Consider an adult learner who’s always struggled with math. She avoids numbers in daily life, believing she’s “not a math person.” But then, she’s offered a promotion — one that involves budget oversight. The job comes with training, mentorship, and a specific goal. Framed within this new story, her relationship to math changes. It’s no longer a judgment of her intelligence; it’s a skill to serve her growth. Within months, she’s not only managing budgets but helping others demystify the same tasks that once froze her. The math didn’t change. The story did.
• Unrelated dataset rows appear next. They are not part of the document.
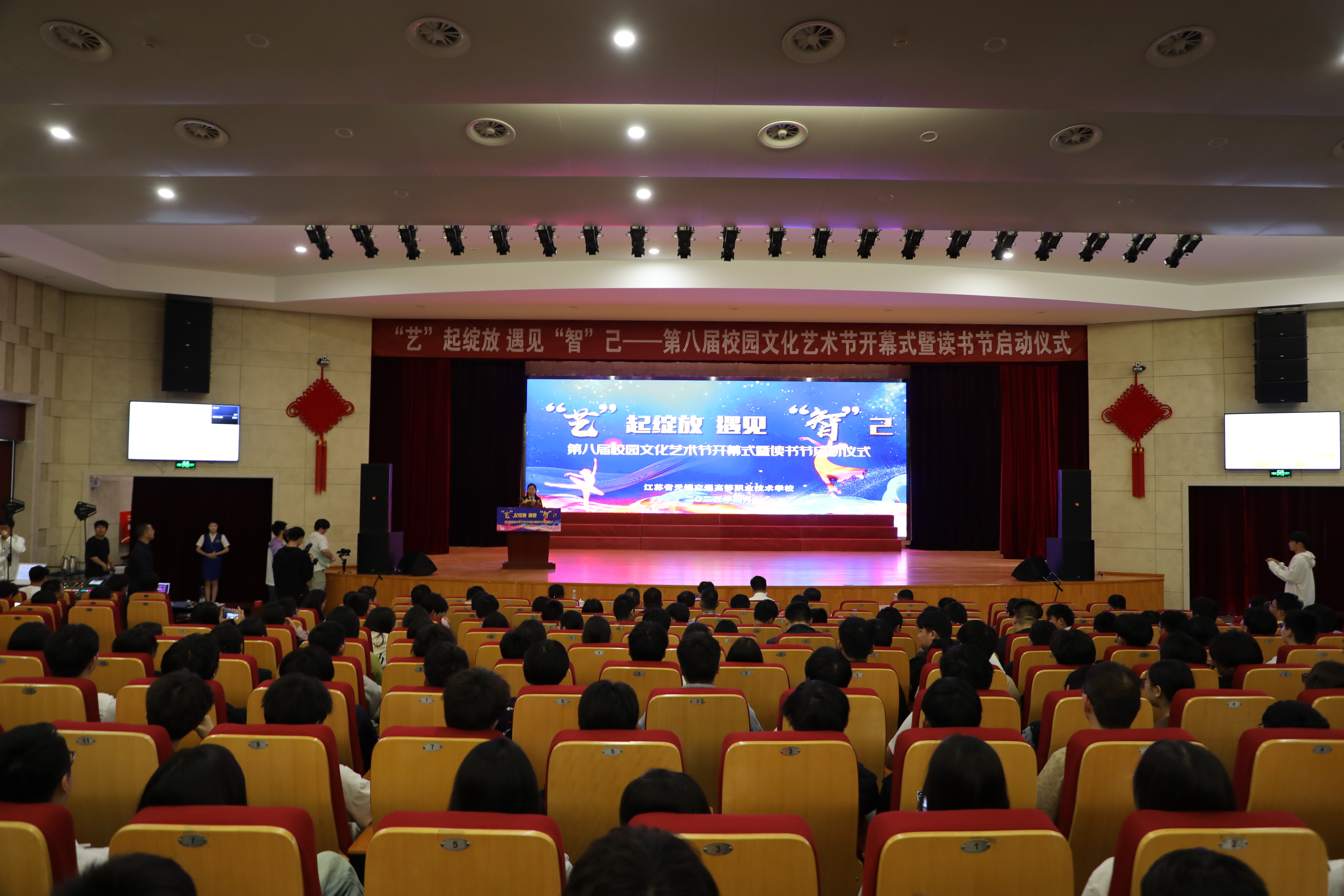 最美人间四月天,书香满园艺飞扬。4月23日,学校第八届校园文化艺术节开幕式暨读书节启动仪式在励志楼大礼堂隆重举行。图书馆作为学校文化传承与知识传播的重要阵地,深度参与了此次活动的筹备与组织工作,与团委学工等部门携手共进,为全校师生呈现了一场文化艺术与阅读书香交相辉映的盛宴。校领导、各处室院部负责人、教师代表及学生代表齐聚一堂,共享文化盛典。活动由学校副校长吴雪琴主持。
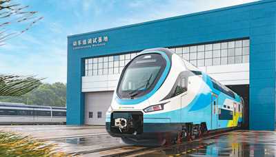 中国首列出口欧洲的双层动车组在位于湖南省株洲市的中车株机公司下线。 中车株机公司供图
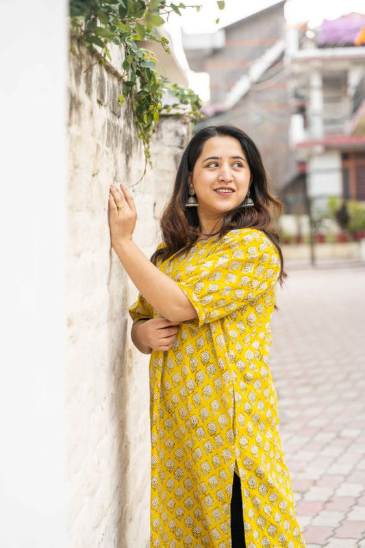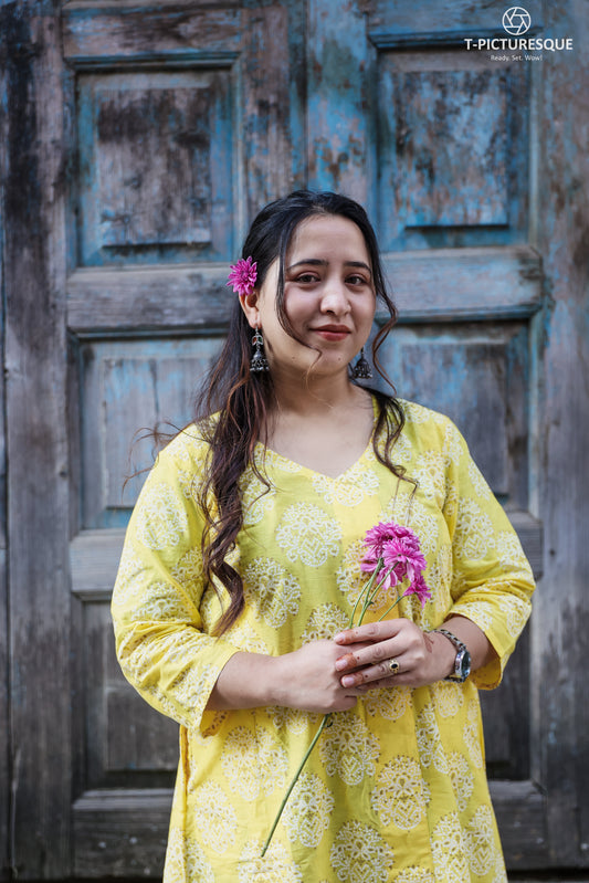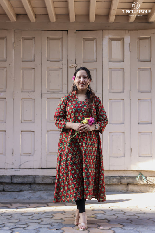 shivani Bagru A-line long kurta
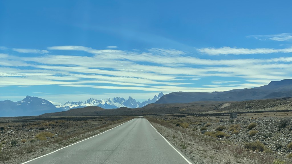 Wir hatten, trotz der Vielzahl an Campern um uns herum sowie der Nähe zur Straße, eine unglaublich ruhige Nacht auf dem Parkplatz. Als wir ausgeschlafen hatten parkten wir auf den Wanderparkplatz am Ortsende um. Von dort aus starteten wir, nach dem wir uns beim Frühstück gestärkt hatten, unsere Wanderung zur „Laguna Capri“. Der sandige, breite Wanderweg war sehr gut angelegt so dass man anderen Wanderern gut aus dem Weg gehen konnte. Natürlich sind hier auf den Wegen in „El Chaltén“ sehr viele auf den Tracks unterwegs aber wir fühlten uns, zumindest hier, nicht wie auf der Autobahn und die Wanderer verteilten sich wohl ganz gut auf den Wegen. Um die Lagune herum verlief der Weg als Schlaufe, so dass es quasi ein halber Rundweg war von welchem wir immer wieder tolle Sicht auf den „Fitz Roy“ hatten. Aber auch die große Lagune mit ihren Kiesstränden konnte sich wirklich sehen lassen. Wäre das Wasser des Sees noch ein klein wenig ruhiger gewesen so hätte es ein fantastisches Bergpanorama Spiegelbild gegeben. Nach dem wir den Anblick genossen hatten machten wir uns auf den Rückweg zum Parkplatz. Von oben aus hatte man neuerdings einen tollen Blick auf die vielen Windungen des „Río de las Vueltas“. Nach insgesamt 10 Kilometern sowie machbaren 400 Höhenmetern gelangten wir schlussendlich drei Stunden später wieder bei unserem Van an. Vor diesem Stand just in dem Moment ein jüngerer Mann aus Weingarten bei Karlsruhe. 😃 Er hatte zuvor für ein Jahr in Argentinien gelebt und zeigt aktuell gerade seiner Freundin während einer vierwöchigen Rundreise die Highlights des Landes. Nach dem netten, kurzen Plausch liefen wir zu Fuß in das kleine, nur 1.600 Einwohner zählende Örtchen. Hier ist natürlich ALLES auf Tourismus ausgelegt: Restaurants, Bäckereien mit angegliederten Cafés, etliche Hotels bzw. Hostels, ein Spa sowie unzählige Tour-Offices ziehen sich durch den gesamten Ortskern. Dies schlägt sich, logischerweise, auf die lokalen Preise nieder was dazu führte, dass wir die eigentlich anvisierte Waffel mit diversen Topping-Möglichkeiten doch links liegen ließen. 8 Euro dafür sind, zumindest für hiesige Verhältnisse, schlicht weg zu viel. So kehrten wir in einer der Bäckereien ein wo wir uns mit einer „Empanada de Pollo“ sowie zwei süßen Teilchen stärkten. Am Nachmittag brachen wir dann auf zum „Lago del Desierto“. Die 37 km lange Strecke bis ans äußerste Ende des Tals führte mal wieder ausschließlich über eine Schotterpiste welcher die Halterung unseres Rückfahrkamera-Displays zum Opfer fiel. 🙈 Wir hatten den Halter schon einmal notdürftig reparieren müssen aber dem ständigen Hoppeln hielt das Flickwerk wohl nicht stand. 😕 Dort angekommen verzogen wir uns für die Nacht auf den hintersten Teil der Parkplätze.

The thing here is that the situation is formed of the set of circumstances you have at the moment. Many of these may not be readily mutable. However, they aren’t the most important part of the situation that determines your value and capacity, they are just there. The way you configure them and your relationship to them does. Many times we are simply accepting society’s interpretation of these circumstances, rich means you’re valuable, your job or partner status defines you, etc. These are by default reductive and if laziness does exist, it’s in this process of stereotyping. The truth is that different narrative practices can radically reconfigure the meaning of the same set of circumstances, your role could be victim or agent, villain or antihero, loser or learner, and so on. The same person who finds themself “homeless” can be forming a powerful story of transformation, step by humble step. They are not a fixed point but a waveform: capable of collapsing into despair or rising, when met with a reframed context, into self-definition.

Same situation. Different narrative. Different self.
The story you believe you’re in determines the action you’re willing to take, no matter your strengths. To develop you must see yourself not only with agency but within a narrative that makes action meaningful. Our story isn’t a limited statue we chisel out from stone. It’s a field, always forming, shaped by what we see, and how we choose to see it.

NOTE: I use the term “taking responsibility” in quotes to refer to the performative action reserved for apologies. In the right context, it is cathartic and liberating. However, “taking responsibility” in that manner in the context of investigating why you are blocked, or don’t develop, can also be a cop-out, emphasizing the shame and blocking any ability to actually do anything about anything.